[Recorded data]
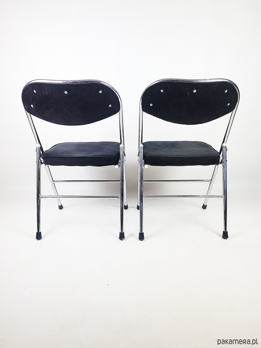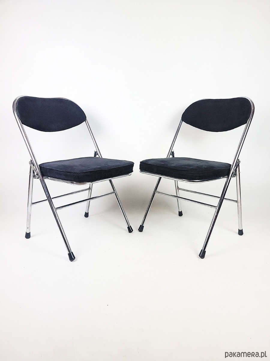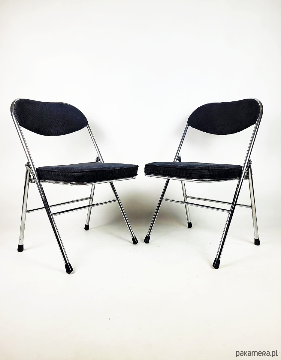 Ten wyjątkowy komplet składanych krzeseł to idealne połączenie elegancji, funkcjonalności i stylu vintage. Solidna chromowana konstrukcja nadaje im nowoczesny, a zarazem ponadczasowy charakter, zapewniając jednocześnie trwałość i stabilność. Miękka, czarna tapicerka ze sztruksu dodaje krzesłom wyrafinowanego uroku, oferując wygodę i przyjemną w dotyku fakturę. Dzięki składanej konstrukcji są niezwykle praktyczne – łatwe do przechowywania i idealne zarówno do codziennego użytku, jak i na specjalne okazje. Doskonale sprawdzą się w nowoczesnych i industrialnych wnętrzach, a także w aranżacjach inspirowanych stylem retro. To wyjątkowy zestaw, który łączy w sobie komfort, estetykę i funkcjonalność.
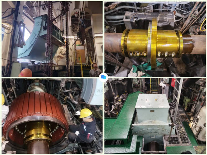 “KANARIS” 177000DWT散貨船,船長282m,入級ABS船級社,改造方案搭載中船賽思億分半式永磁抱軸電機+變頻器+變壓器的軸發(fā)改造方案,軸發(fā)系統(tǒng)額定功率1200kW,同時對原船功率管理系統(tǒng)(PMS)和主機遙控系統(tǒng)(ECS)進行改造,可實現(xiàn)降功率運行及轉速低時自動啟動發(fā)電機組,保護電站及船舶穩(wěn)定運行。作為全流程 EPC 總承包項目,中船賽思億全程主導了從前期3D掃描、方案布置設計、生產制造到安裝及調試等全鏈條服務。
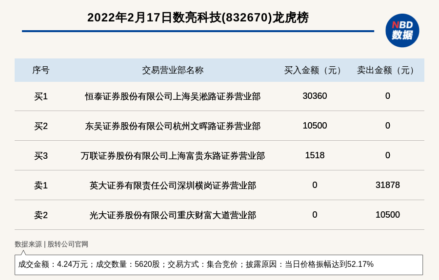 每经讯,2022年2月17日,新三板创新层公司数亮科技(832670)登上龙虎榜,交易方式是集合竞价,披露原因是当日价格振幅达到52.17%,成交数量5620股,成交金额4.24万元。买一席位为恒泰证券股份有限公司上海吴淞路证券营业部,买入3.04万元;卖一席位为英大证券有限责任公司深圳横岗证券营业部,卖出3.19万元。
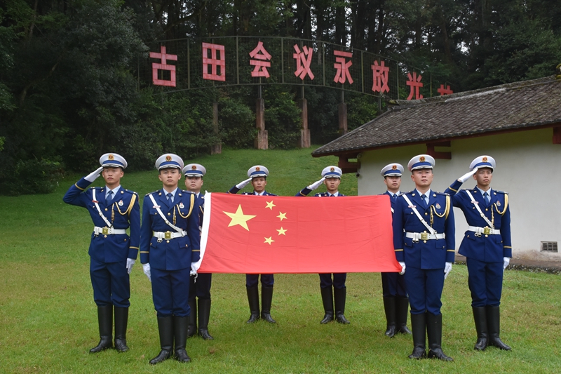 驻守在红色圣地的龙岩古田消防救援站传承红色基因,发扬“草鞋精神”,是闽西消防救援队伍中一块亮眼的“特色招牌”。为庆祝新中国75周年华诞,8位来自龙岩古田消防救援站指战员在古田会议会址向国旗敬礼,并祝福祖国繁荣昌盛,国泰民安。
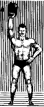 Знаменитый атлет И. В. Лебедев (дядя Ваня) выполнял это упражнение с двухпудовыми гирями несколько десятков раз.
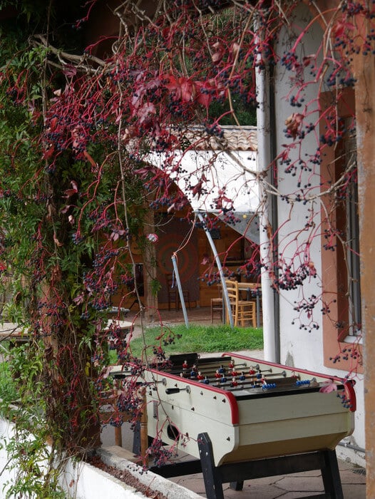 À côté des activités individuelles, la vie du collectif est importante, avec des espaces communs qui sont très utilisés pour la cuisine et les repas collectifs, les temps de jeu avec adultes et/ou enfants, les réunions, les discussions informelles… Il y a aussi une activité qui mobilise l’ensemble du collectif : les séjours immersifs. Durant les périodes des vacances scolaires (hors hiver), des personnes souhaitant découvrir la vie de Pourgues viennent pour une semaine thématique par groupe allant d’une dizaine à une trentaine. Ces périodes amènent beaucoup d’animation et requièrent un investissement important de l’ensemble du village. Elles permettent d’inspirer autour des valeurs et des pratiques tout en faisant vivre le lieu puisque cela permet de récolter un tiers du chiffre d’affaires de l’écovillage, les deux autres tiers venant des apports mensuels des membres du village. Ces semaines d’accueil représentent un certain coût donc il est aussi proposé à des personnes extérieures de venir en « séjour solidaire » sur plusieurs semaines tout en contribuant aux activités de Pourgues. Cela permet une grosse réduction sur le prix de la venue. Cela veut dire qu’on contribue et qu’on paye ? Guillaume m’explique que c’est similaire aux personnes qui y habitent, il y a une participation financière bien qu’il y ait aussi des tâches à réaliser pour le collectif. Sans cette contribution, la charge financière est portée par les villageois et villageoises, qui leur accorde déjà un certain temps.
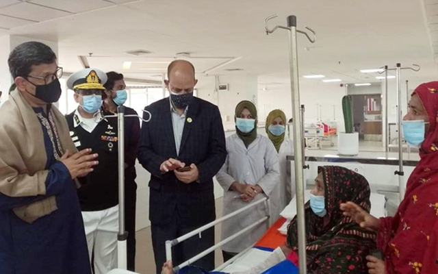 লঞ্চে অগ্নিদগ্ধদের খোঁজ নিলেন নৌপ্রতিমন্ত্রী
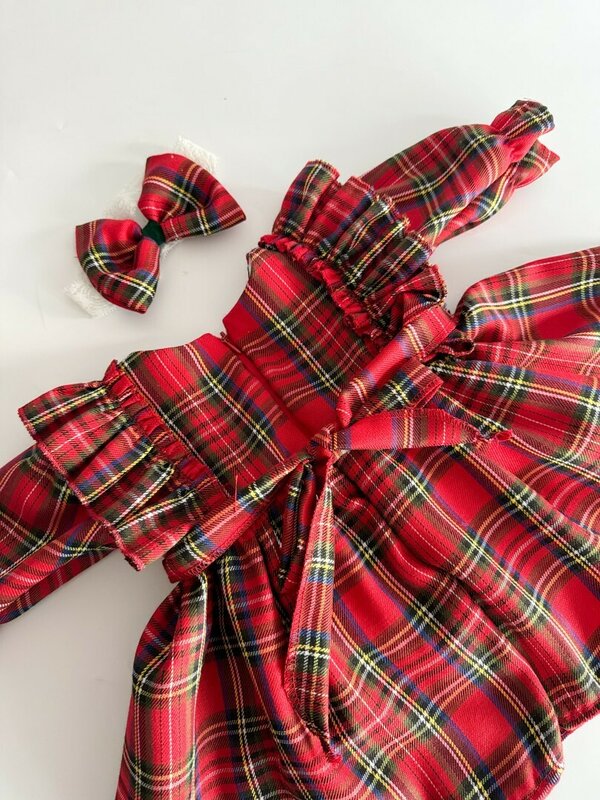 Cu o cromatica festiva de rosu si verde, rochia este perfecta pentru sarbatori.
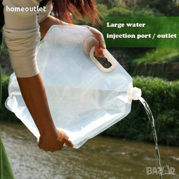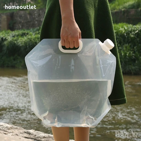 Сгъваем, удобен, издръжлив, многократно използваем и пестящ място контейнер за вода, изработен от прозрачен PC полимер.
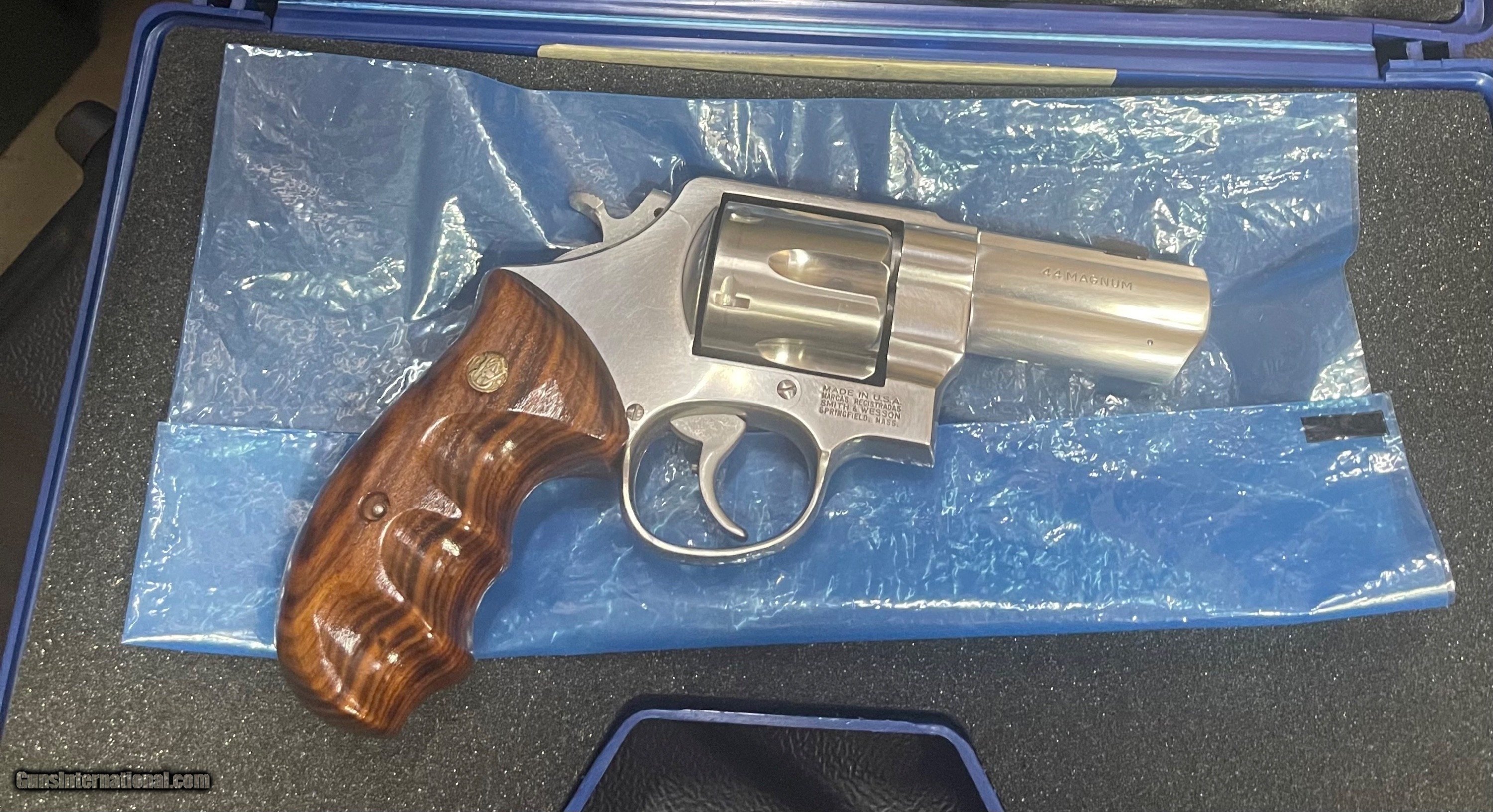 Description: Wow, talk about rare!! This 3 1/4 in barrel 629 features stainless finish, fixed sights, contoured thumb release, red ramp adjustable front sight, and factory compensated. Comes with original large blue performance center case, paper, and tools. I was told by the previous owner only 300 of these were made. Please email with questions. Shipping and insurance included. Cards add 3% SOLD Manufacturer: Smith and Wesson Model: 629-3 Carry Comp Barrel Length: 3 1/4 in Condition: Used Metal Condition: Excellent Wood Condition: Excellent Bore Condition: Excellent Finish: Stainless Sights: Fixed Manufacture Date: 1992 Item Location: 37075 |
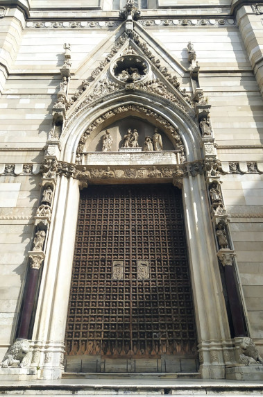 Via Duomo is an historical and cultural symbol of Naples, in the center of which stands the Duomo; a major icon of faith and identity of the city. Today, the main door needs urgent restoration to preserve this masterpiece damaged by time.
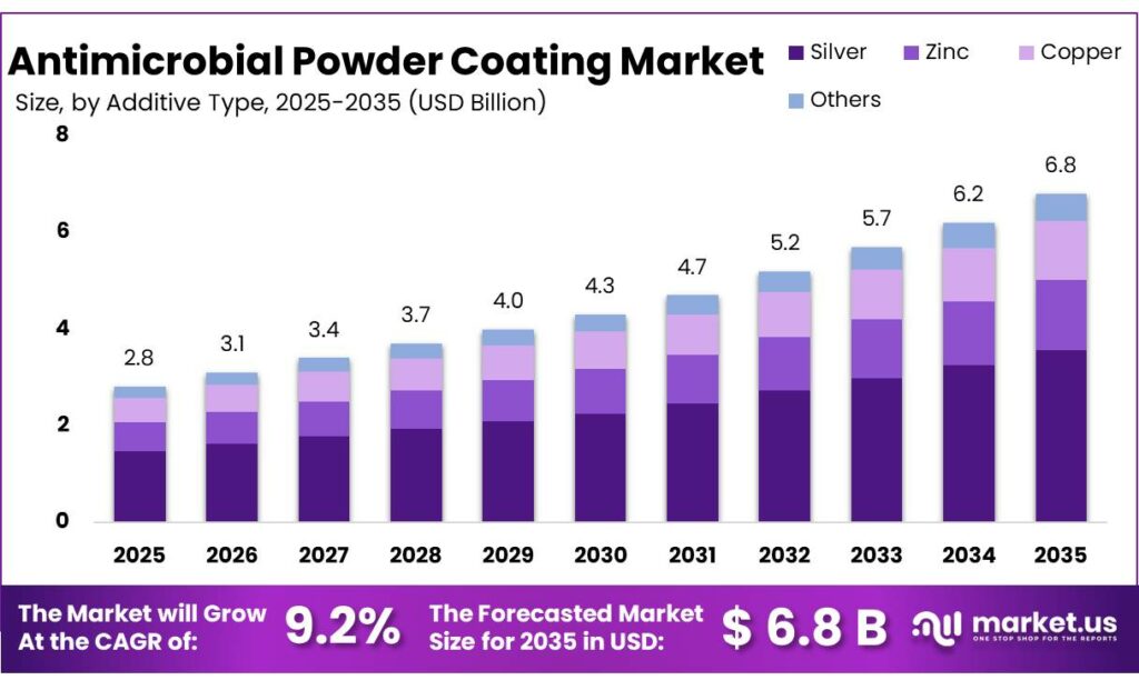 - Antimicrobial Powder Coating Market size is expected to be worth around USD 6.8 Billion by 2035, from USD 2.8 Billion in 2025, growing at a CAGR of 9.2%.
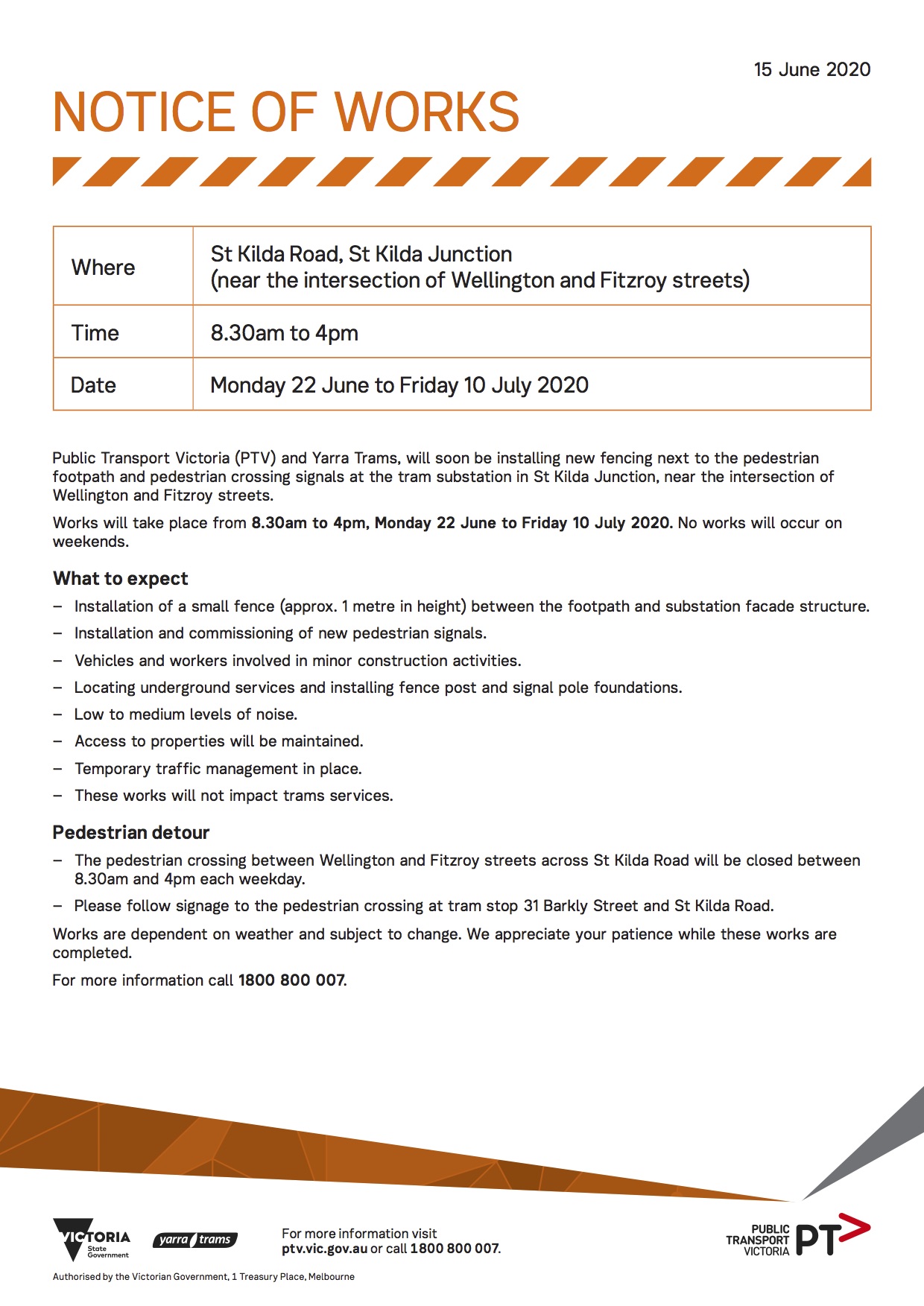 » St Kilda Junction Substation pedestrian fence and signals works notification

__Task goal__. Without the pictures, restate all of the entries word for word.

__Result of the task__.
 Ten wyjątkowy komplet składanych krzeseł to idealne połączenie elegancji, funkcjonalności i stylu vintage. Solidna chromowana konstrukcja nadaje im nowoczesny, a zarazem ponadczasowy charakter, zapewniając jednocześnie trwałość i stabilność. Miękka, czarna tapicerka ze sztruksu dodaje krzesłom wyrafinowanego uroku, oferując wygodę i przyjemną w dotyku fakturę. Dzięki składanej konstrukcji są niezwykle praktyczne – łatwe do przechowywania i idealne zarówno do codziennego użytku, jak i na specjalne okazje. Doskonale sprawdzą się w nowoczesnych i industrialnych wnętrzach, a także w aranżacjach inspirowanych stylem retro. To wyjątkowy zestaw, który łączy w sobie komfort, estetykę i funkcjonalność.
 “KANARIS” 177000DWT散貨船,船長282m,入級ABS船級社,改造方案搭載中船賽思億分半式永磁抱軸電機+變頻器+變壓器的軸發(fā)改造方案,軸發(fā)系統(tǒng)額定功率1200kW,同時對原船功率管理系統(tǒng)(PMS)和主機遙控系統(tǒng)(ECS)進行改造,可實現(xiàn)降功率運行及轉速低時自動啟動發(fā)電機組,保護電站及船舶穩(wěn)定運行。作為全流程 EPC 總承包項目,中船賽思億全程主導了從前期3D掃描、方案布置設計、生產制造到安裝及調試等全鏈條服務。
 每经讯,2022年2月17日,新三板创新层公司数亮科技(832670)登上龙虎榜,交易方式是集合竞价,披露原因是当日价格振幅达到52.17%,成交数量5620股,成交金额4.24万元。买一席位为恒泰证券股份有限公司上海吴淞路证券营业部,买入3.04万元;卖一席位为英大证券有限责任公司深圳横岗证券营业部,卖出3.19万元。
 驻守在红色圣地的龙岩古田消防救援站传承红色基因,发扬“草鞋精神”,是闽西消防救援队伍中一块亮眼的“特色招牌”。为庆祝新中国75周年华诞,8位来自龙岩古田消防救援站指战员在古田会议会址向国旗敬礼,并祝福祖国繁荣昌盛,国泰民安。
 Знаменитый атлет И. В. Лебедев (дядя Ваня) выполнял это упражнение с двухпудовыми гирями несколько десятков раз.
 À côté des activités individuelles, la vie du collectif est importante, avec des espaces communs qui sont très utilisés pour la cuisine et les repas collectifs, les temps de jeu avec adultes et/ou enfants, les réunions, les discussions informelles… Il y a aussi une activité qui mobilise l’ensemble du collectif : les séjours immersifs. Durant les périodes des vacances scolaires (hors hiver), des personnes souhaitant découvrir la vie de Pourgues viennent pour une semaine thématique par groupe allant d’une dizaine à une trentaine. Ces périodes amènent beaucoup d’animation et requièrent un investissement important de l’ensemble du village. Elles permettent d’inspirer autour des valeurs et des pratiques tout en faisant vivre le lieu puisque cela permet de récolter un tiers du chiffre d’affaires de l’écovillage, les deux autres tiers venant des apports mensuels des membres du village. Ces semaines d’accueil représentent un certain coût donc il est aussi proposé à des personnes extérieures de venir en « séjour solidaire » sur plusieurs semaines tout en contribuant aux activités de Pourgues. Cela permet une grosse réduction sur le prix de la venue. Cela veut dire qu’on contribue et qu’on paye ? Guillaume m’explique que c’est similaire aux personnes qui y habitent, il y a une participation financière bien qu’il y ait aussi des tâches à réaliser pour le collectif. Sans cette contribution, la charge financière est portée par les villageois et villageoises, qui leur accorde déjà un certain temps.
 লঞ্চে অগ্নিদগ্ধদের খোঁজ নিলেন নৌপ্রতিমন্ত্রী
 Cu o cromatica festiva de rosu si verde, rochia este perfecta pentru sarbatori.
 Сгъваем, удобен, издръжлив, многократно използваем и пестящ място контейнер за вода, изработен от прозрачен PC полимер.
 Description: Wow, talk about rare!! This 3 1/4 in barrel 629 features stainless finish, fixed sights, contoured thumb release, red ramp adjustable front sight, and factory compensated. Comes with original large blue performance center case, paper, and tools. I was told by the previous owner only 300 of these were made. Please email with questions. Shipping and insurance included. Cards add 3% SOLD Manufacturer: Smith and Wesson Model: 629-3 Carry Comp Barrel Length: 3 1/4 in Condition: Used Metal Condition: Excellent Wood Condition: Excellent Bore Condition: Excellent Finish: Stainless Sights: Fixed Manufacture Date: 1992 Item Location: 37075 |
 Via Duomo is an historical and cultural symbol of Naples, in the center of which stands the Duomo; a major icon of faith and identity of the city. Today, the main door needs urgent restoration to preserve this masterpiece damaged by time.
 - Antimicrobial Powder Coating Market size is expected to be worth around USD 6.8 Billion by 2035, from USD 2.8 Billion in 2025, growing at a CAGR of 9.2%.
 » St Kilda Junction Substation pedestrian fence and signals works notification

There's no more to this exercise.